Description of the task:
In the material below, the line holding "وقال البنك المركزي" and every line after it should be reproduced exactly, please, with pictures omitted.

Information shown:
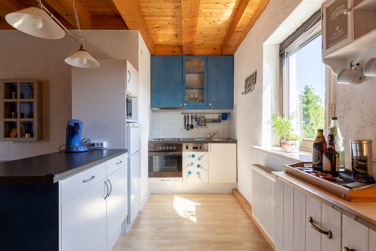 Vår moderna tvårumslägenhet erbjuder ett litet sovrum, ett vardagsrum med bäddsoffa, ett fullt utrustat kök, ett förråd, ett modernt badrum med regndusch och två soliga terrasser. Lägenheten har egen ingång via trädgården. Parkering är möjlig på den knappt trafikerade gatan. På grund av det lantliga läget rekommenderas en bil. München nås på ca. 35 minuter, bergen på 50 minuters bilresa.
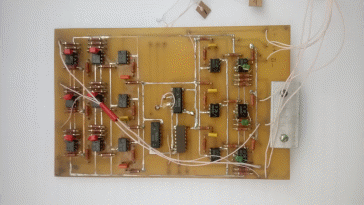 - на транзисторах VT1–VT6 реализованы усилители постоянного тока для согласования высокого выходного сопротивления операционных усилителей с низким входным сопротивлением логических элементов НЕ и И-НЕ.
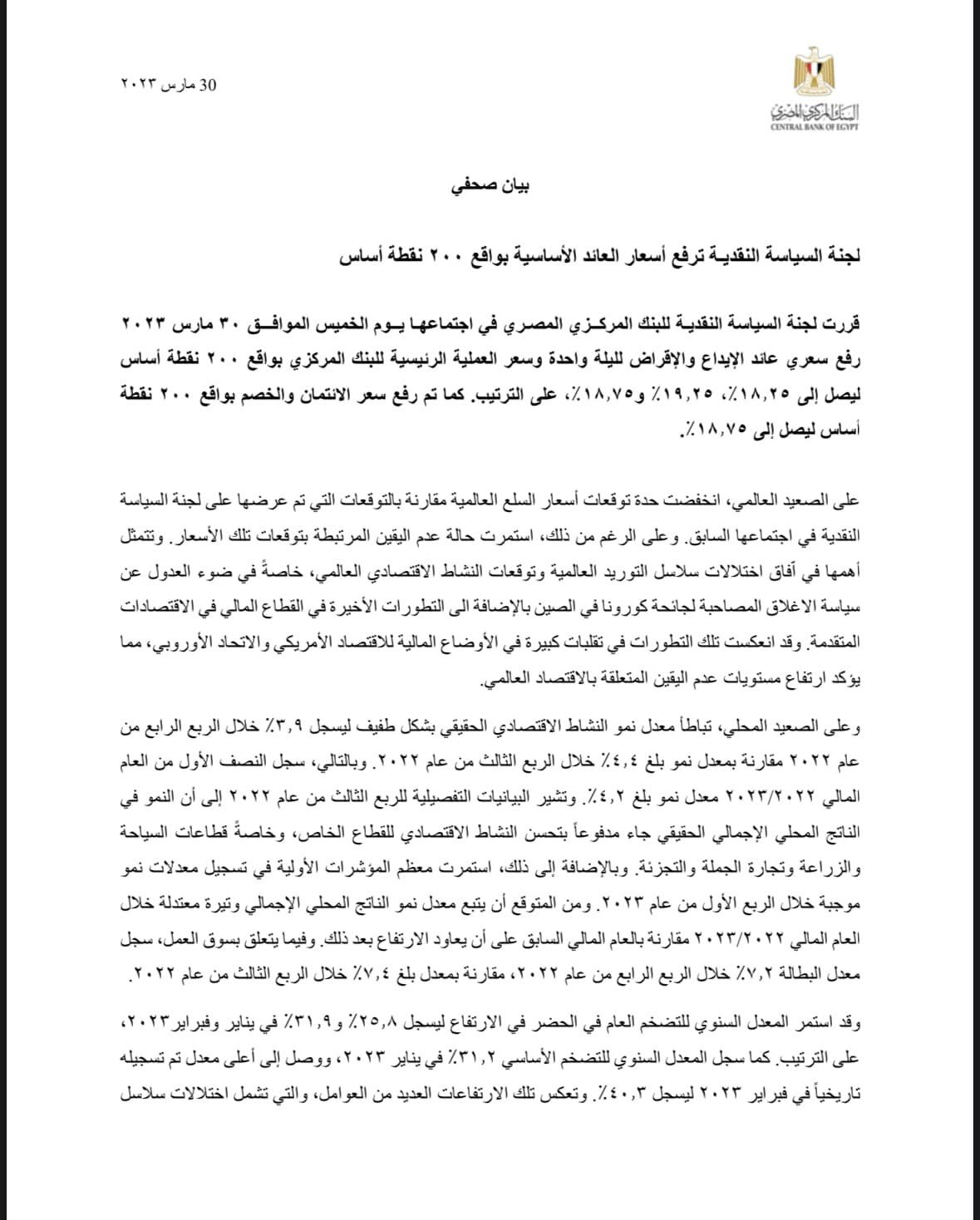 وقال البنك المركزي في بيان اليوم، إن لجنة السياسة النقديـة للبنك المركــزي المصـري قررت في اجتماعهـا يــوم الخميس الموافـــق 30 مارس 2023 رفع سعري عائد الإيداع والإقراض لليلة واحدة وسعر العملية الرئيسية للبنك المركزي بواقع 200 نقطة أساس ليصل إلى 18.25%، 19.25% و18.75%، على الترتيب. كما تم رفع سعر الائتمان والخصم بواقع 200 نقطة أساس ليصل إلى 18.75%.
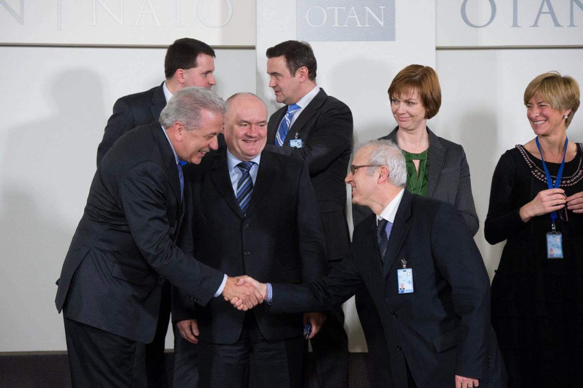 Η ελληνική αντιπροσωπεία με επικεφαλής τον υπουργό Εθνικής Άμυνας κ. Δημήτρη Αβραμόπουλο βγήκε από την αίθουσα και ο Έλληνας υπουργός κατευθύνθηκε προς τη θέση του. Αφού χαιρέτησε τον Ούγγρο ομόλογό του κ. Ζάμπα Χέντε, στάθηκε περιμένοντας τους συναδέλφους του για το «κλικ» των δέκα δευτερολέπτων. Εκείνη τη στιγμή, από την κάτω σειρά ο Μόνιμος Αντιπρόσωπος της Τουρκίας στο ΝΑΤΟ, πρέσβυς κ. Μεχμέτ Φατίχ Τσεϊλάν.
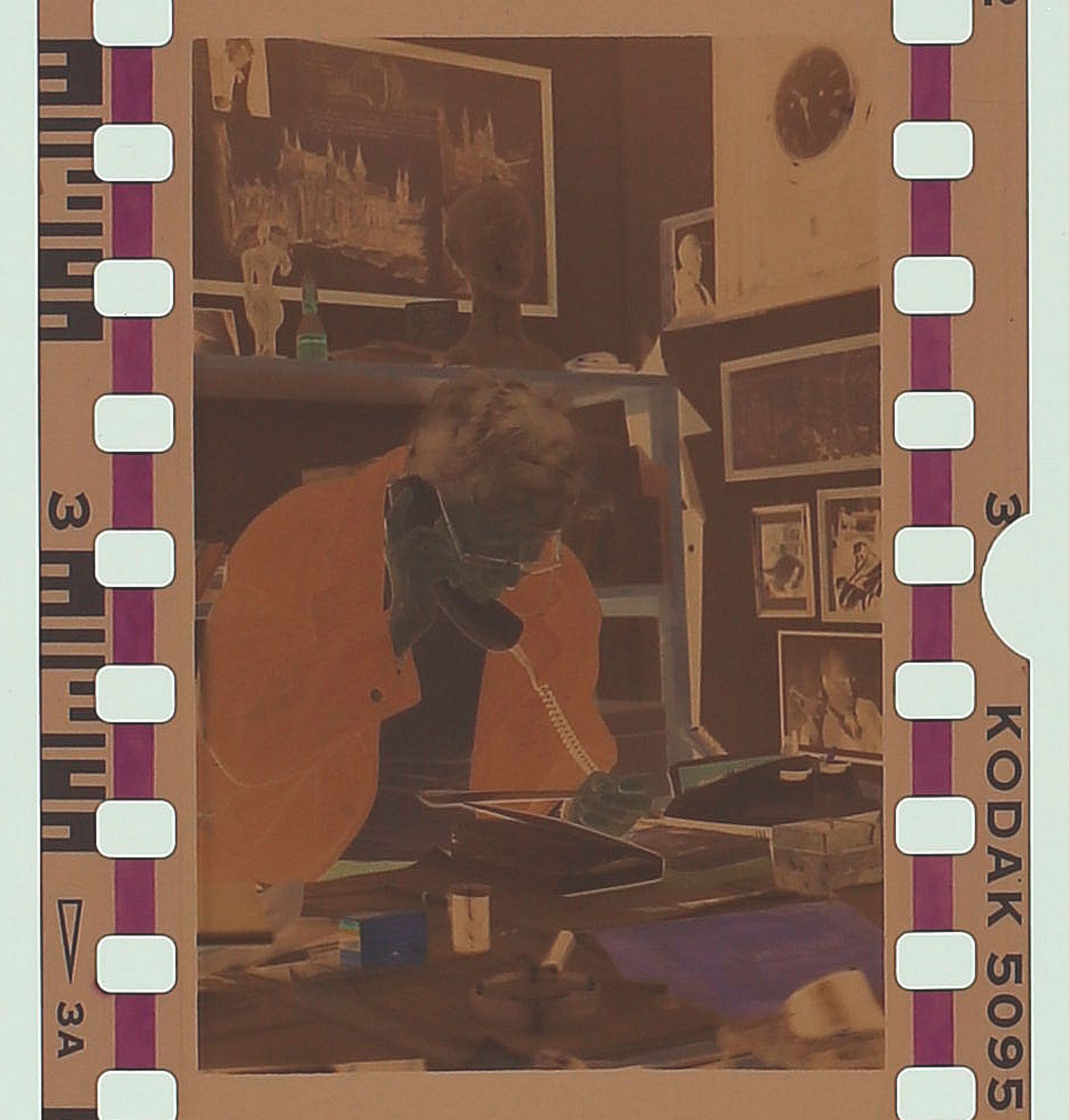 - negative (photographic), Fotonegative des Schmuckkästchens von Clarisse Praun und einer Person auf einem Sofa
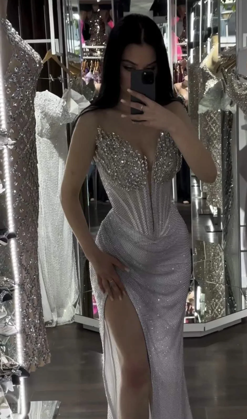 Silver Ladies Sexy Evening Dress Sleeveless With Front Slit Beaded Long Prom Dress

Exercise answer:
 وقال البنك المركزي في بيان اليوم، إن لجنة السياسة النقديـة للبنك المركــزي المصـري قررت في اجتماعهـا يــوم الخميس الموافـــق 30 مارس 2023 رفع سعري عائد الإيداع والإقراض لليلة واحدة وسعر العملية الرئيسية للبنك المركزي بواقع 200 نقطة أساس ليصل إلى 18.25%، 19.25% و18.75%، على الترتيب. كما تم رفع سعر الائتمان والخصم بواقع 200 نقطة أساس ليصل إلى 18.75%.
 Η ελληνική αντιπροσωπεία με επικεφαλής τον υπουργό Εθνικής Άμυνας κ. Δημήτρη Αβραμόπουλο βγήκε από την αίθουσα και ο Έλληνας υπουργός κατευθύνθηκε προς τη θέση του. Αφού χαιρέτησε τον Ούγγρο ομόλογό του κ. Ζάμπα Χέντε, στάθηκε περιμένοντας τους συναδέλφους του για το «κλικ» των δέκα δευτερολέπτων. Εκείνη τη στιγμή, από την κάτω σειρά ο Μόνιμος Αντιπρόσωπος της Τουρκίας στο ΝΑΤΟ, πρέσβυς κ. Μεχμέτ Φατίχ Τσεϊλάν.
 - negative (photographic), Fotonegative des Schmuckkästchens von Clarisse Praun und einer Person auf einem Sofa
 Silver Ladies Sexy Evening Dress Sleeveless With Front Slit Beaded Long Prom Dress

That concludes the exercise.